Figure 3 and Figure 4 show the values of the objective function obtained by the different optimization algorithms investigated during the parameter estimation process for the two PV modules (Photowatt-PWP201 and STM6-40/36) for both the mathematical SDM and DDM.

The results presented in these figures revealed that the MGO stood out for its high convergence speed right from the first iterations (around 40 iterations). Moreover, its accuracy was better than that of the other methods. These results proved that the MGO-based approach is a particularly effective alternative for solving the problems in question. This performance was due to the ability of the proposed MGO to avoid convergence to local solutions. In addition, the GWO, SSA, and DE algorithms showed a low convergence speed, particularly for the first iterations.

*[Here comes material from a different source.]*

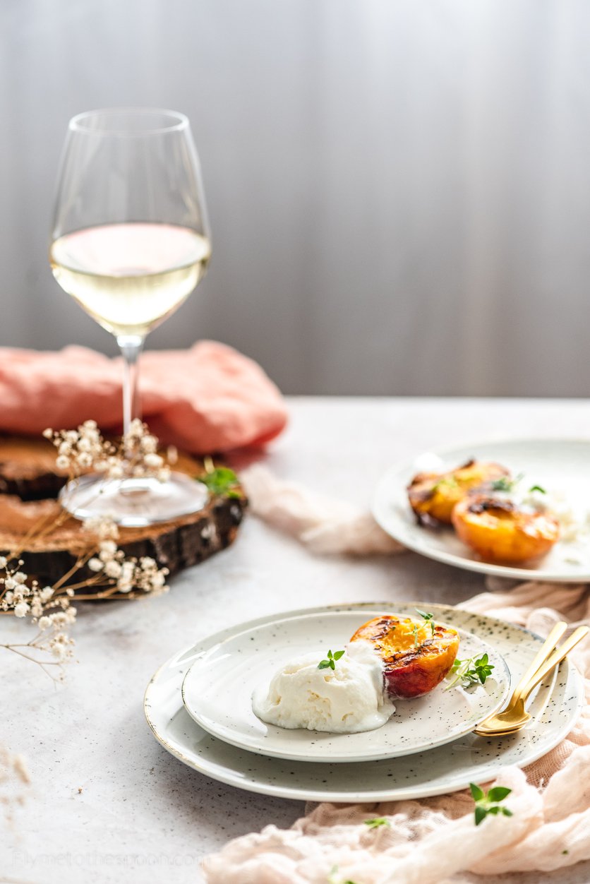 Lody z białym winem i grillowane brzoskwinie z tymiankiem

After obtaining the electrical parameters of the two equivalent models (SDM and DDM) of the experimented PV panels, the I–V and P–V characteristics of the two PV modules, Photowatt-PWP-201 and TM6-40/36, estimated by the proposed MGO algorithm for the SDM and the DDM are plotted.

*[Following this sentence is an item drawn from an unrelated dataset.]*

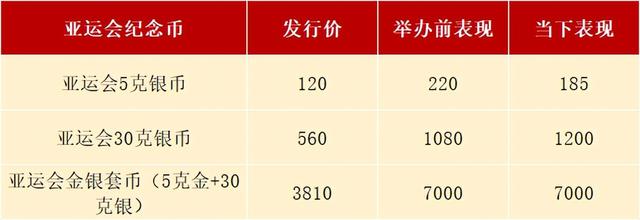 不出意外的,这套纪念币的预约热度很高,中签率甚至不足百分之一。 随着亚运会的举办,亚运会纪念币的热度也在不断攀升,也有越来越多币商,开始放出它们来。 它们当下的表现,百科网也整理好了表格。

In fact, the five key parameters of the SDM and the seven ones of the DDM PV module obtained by implementing the MGO algorithm were used to calculate the generated currents in accordance with Equations (5) and (9), respectively. As a result, the I–V and P–V characteristics were easily obtained. Accordingly, Figure 5, Figure 6, Figure 7 and Figure 8 show such plots highlighting clearly that the estimated characteristics (I–V and P–V) were in good agreement with the experimental data points, thereby proving the effectiveness of the MGO compared to the other algorithms.

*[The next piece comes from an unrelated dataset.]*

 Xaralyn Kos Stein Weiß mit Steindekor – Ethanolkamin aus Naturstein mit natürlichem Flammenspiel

6. Conclusions and Future Works

This investigation presented a new application of a Mountain Gazelle Optimizer-based approach (MGO) for identifying the key parameters of the photovoltaic Single-Diode Model (SDM) and Double-Diode Model (DDM) of technologies widely used in the literature: monocrystalline STM6-40/36 and polycrystalline Photowatt-PWP20 photovoltaic panels. The performance of the suggested MGO was assessed by many statistical indicators such as the standard deviation, Max RMSE, mean RMSE, Min RMSE, IAE, and the I–V, and P–V characteristics. The results of the experiment showed that the MGO-based method achieved superior performance and produced a competitive end result compared with other well-cited algorithms. Hence, the MGO can be a feasible alternative for parameter estimation of complex PV cell models. The experimental validation of the parameter estimation of the tested PV modules used data extracted from the I–V and P–V characteristics. For all models examined, the suggested MGO outperformed all the selected state-of-the-art optimizers by achieving the best performance in terms of accuracy, stability, and statistical data and the lowest RMSE over 30 independent runs. More concretely, the extensive experiments on the MGO showed that it outperformed the GWO algorithm by 47.17% and 46.94% on the SDM and DDM of the STM6-40/36 module, respectively. As future prospects, the MGO will be investigated to deal with many other complex optimization problems such as the maximum power point tracking issue in photovoltaic- and wind-energy-conversion systems and economic dispatch in modern power systems and smart grids.